We do not want a Ukraine that costs us nothing
National Post, 28 August 2025
That question faces all of Europe now, and its allies across the sea. Do we want an independent Ukraine only if it costs us nothing?
Prime Minister Mark Carney’s visit to Kyiv for Ukraine’s Independence Day was most welcome, continuing the admirable solidarity which Justin Trudeau showed on his four visits to Kyiv after Russia’s full-scale invasion in 2022.
Carney’s visit came in the context of his visit to Poland, Ukraine’s staunchest ally — and now a serious military force in Europe. A century ago, Poland and Ukraine were recent wartime enemies. It is one of the great reconciliations of recent history that the Western Slavs (Poland) and Eastern Slavs (Ukraine) have so thoroughly reconciled that when millions of Ukrainians fled westward in 2022 there were no refugee camps in Poland. Ukrainians were housed by Poles in their own homes.
The 20th Century was an exceedingly difficult one for the Slavic peoples; mere survival, to say nothing of liberty and prosperity, was the dramatic challenge. Poland and Ukraine, the perilous places between Berlin and Moscow, were characterized as the “bloodlands” by historian Timothy Snyder.
Choosing a national day is easy for young countries. We have July 1, the date of Confederation; the Americans July 4, their declaration of independence. The millennium-old history of the Slavs, dating to their Christian baptism in the 10th century, is rather more complex. Which date, which liberation, which independence to choose?

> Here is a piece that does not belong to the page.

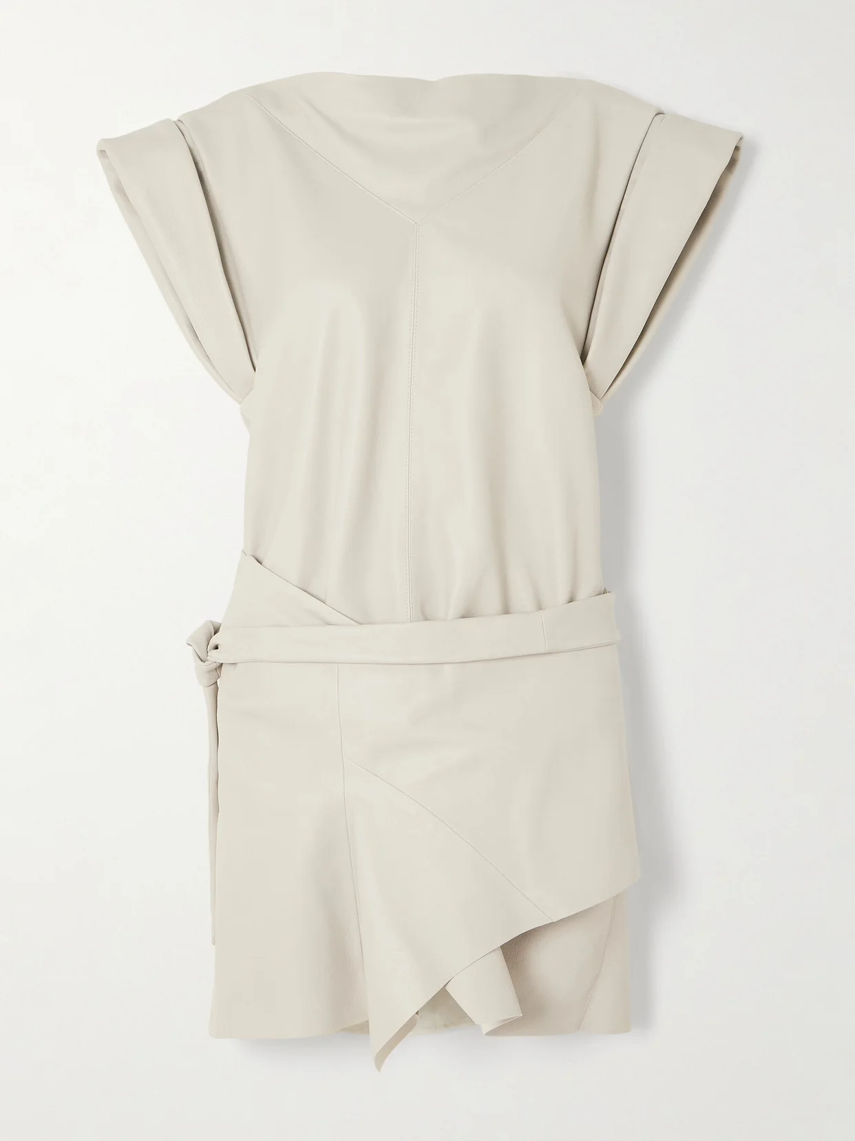 Bernadette Belted Asymmetric Wrap-effect Leather Mini Dress

The Ukrainians observe Aug. 24, the date in 1991 when their national parliament declared their independence from the Union of Soviet Socialist Republics — later ratified by more than 90 per cent of the Ukrainian people in a referendum. For a people who date their origin to 988, 1991 was more than a thousand years into their story, but independence from Moscow was the pressing issue then, as it is now.
Next door in Poland, Independence Day is marked on Nov. 11, our Remembrance Day. At the end of the Great War in 1918, Poland was restored to the map of Europe. In 1795, Poland’s neighbours — the Kingdom of Prussia (Germany), the Habsburg empire (Austria), and Tsarist Russia — partitioned Poland into thirds and absorbed its territory. Poland ceased to exist cartographically and politically, but remained culturally and spiritually. It would survive 123 years as a nation without a state until the fall of the Prussian kaiser, Habsburg emperor and Russian tsar during the First World War. Their Nov. 11 Independence Day marks that remarkable act of survival, even more so than their defeat of Soviet communism in the 1980s.
During his visit to Poland in 1983, his countrymen then living under communist martial law — the regime at war with its own people — St. John Paul II made a visit to the national shrine of Our Lady of Jasna Góra in the city of Częstochowa. There he reflected upon the cost of national identity and freedom, a price the Slavic peoples have paid repeatedly in their long history.
“Tell me what your love is, and I’ll tell you who you are,” John Paul said to a gathering of young people. He then spoke of their shared love of their nation, their people, their culture, their love for Poland.
“(Each of us) feel(s) responsible for this great common heritage, whose name is Poland,” he said. “This name defines all of us. This name obliges us all. This name costs us all.”
“Perhaps sometimes we envy the French, the Germans or the Americans, because their name is not tied to such a price of history, and because they are much more easily free,” he continued. “While our Polish freedom is so expensive. I will not, dear ones, make a comparative analysis. I will only say that it is precisely what costs that constitutes value. Indeed, one cannot be truly free without an honest and profound relationship with values. We do not want a Poland that costs us nothing.”